**Task instructions:** Apart from the pictures, every line below needs to be reproduced verbatim.
********
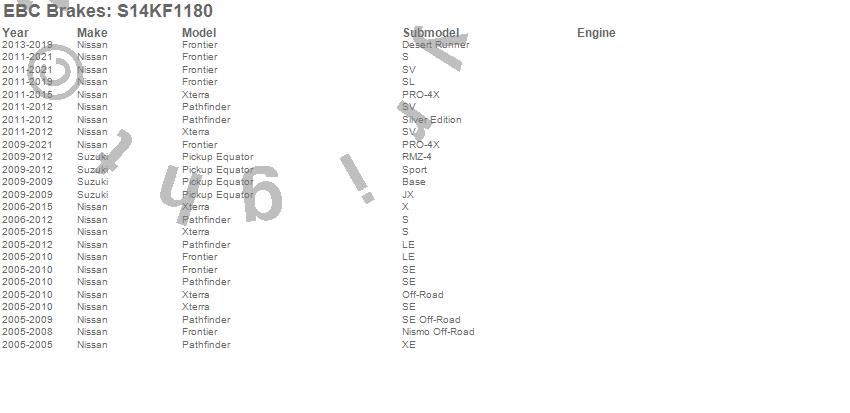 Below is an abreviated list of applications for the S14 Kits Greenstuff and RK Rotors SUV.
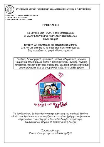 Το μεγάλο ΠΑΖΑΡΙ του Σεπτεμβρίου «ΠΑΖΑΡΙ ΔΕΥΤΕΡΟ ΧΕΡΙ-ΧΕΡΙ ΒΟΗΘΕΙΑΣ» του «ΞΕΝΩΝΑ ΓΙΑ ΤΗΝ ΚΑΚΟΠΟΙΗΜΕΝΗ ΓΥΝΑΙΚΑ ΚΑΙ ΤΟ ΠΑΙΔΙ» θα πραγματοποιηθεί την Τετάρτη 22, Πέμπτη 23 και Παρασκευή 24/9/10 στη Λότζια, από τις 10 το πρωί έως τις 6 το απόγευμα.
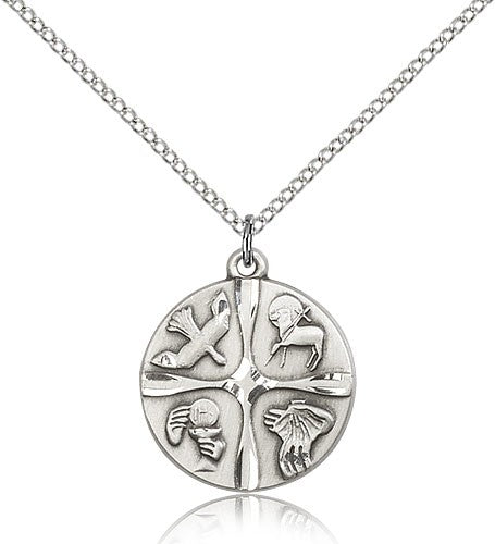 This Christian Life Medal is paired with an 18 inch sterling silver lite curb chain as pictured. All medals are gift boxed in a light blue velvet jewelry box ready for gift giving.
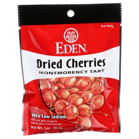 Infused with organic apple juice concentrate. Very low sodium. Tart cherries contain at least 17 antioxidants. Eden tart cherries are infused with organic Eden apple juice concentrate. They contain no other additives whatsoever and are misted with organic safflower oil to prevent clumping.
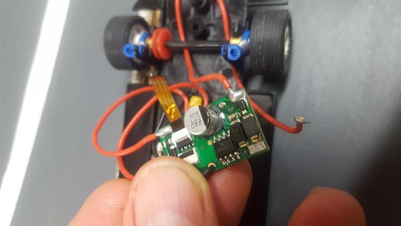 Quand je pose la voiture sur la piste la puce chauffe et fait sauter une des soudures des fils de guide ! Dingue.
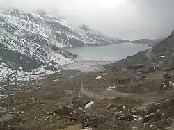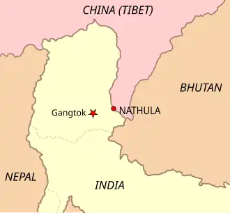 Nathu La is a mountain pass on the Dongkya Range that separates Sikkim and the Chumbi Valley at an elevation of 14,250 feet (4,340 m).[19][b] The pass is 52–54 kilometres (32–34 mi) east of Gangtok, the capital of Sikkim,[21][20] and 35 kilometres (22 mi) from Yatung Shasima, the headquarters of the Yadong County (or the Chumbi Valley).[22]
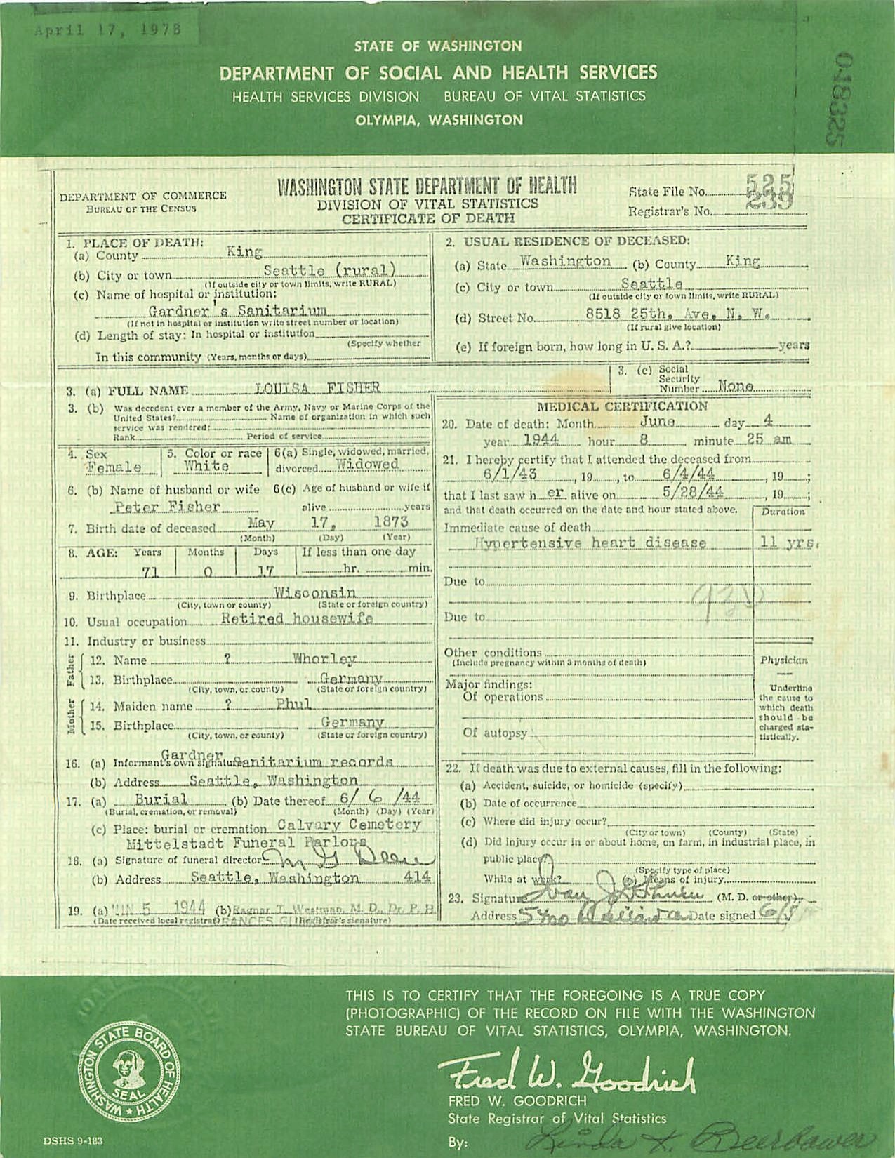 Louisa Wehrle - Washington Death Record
********
**Task answer:**
 Below is an abreviated list of applications for the S14 Kits Greenstuff and RK Rotors SUV.
 Το μεγάλο ΠΑΖΑΡΙ του Σεπτεμβρίου «ΠΑΖΑΡΙ ΔΕΥΤΕΡΟ ΧΕΡΙ-ΧΕΡΙ ΒΟΗΘΕΙΑΣ» του «ΞΕΝΩΝΑ ΓΙΑ ΤΗΝ ΚΑΚΟΠΟΙΗΜΕΝΗ ΓΥΝΑΙΚΑ ΚΑΙ ΤΟ ΠΑΙΔΙ» θα πραγματοποιηθεί την Τετάρτη 22, Πέμπτη 23 και Παρασκευή 24/9/10 στη Λότζια, από τις 10 το πρωί έως τις 6 το απόγευμα.
 This Christian Life Medal is paired with an 18 inch sterling silver lite curb chain as pictured. All medals are gift boxed in a light blue velvet jewelry box ready for gift giving.
 Infused with organic apple juice concentrate. Very low sodium. Tart cherries contain at least 17 antioxidants. Eden tart cherries are infused with organic Eden apple juice concentrate. They contain no other additives whatsoever and are misted with organic safflower oil to prevent clumping.
 Quand je pose la voiture sur la piste la puce chauffe et fait sauter une des soudures des fils de guide ! Dingue.
 Nathu La is a mountain pass on the Dongkya Range that separates Sikkim and the Chumbi Valley at an elevation of 14,250 feet (4,340 m).[19][b] The pass is 52–54 kilometres (32–34 mi) east of Gangtok, the capital of Sikkim,[21][20] and 35 kilometres (22 mi) from Yatung Shasima, the headquarters of the Yadong County (or the Chumbi Valley).[22]
 Louisa Wehrle - Washington Death Record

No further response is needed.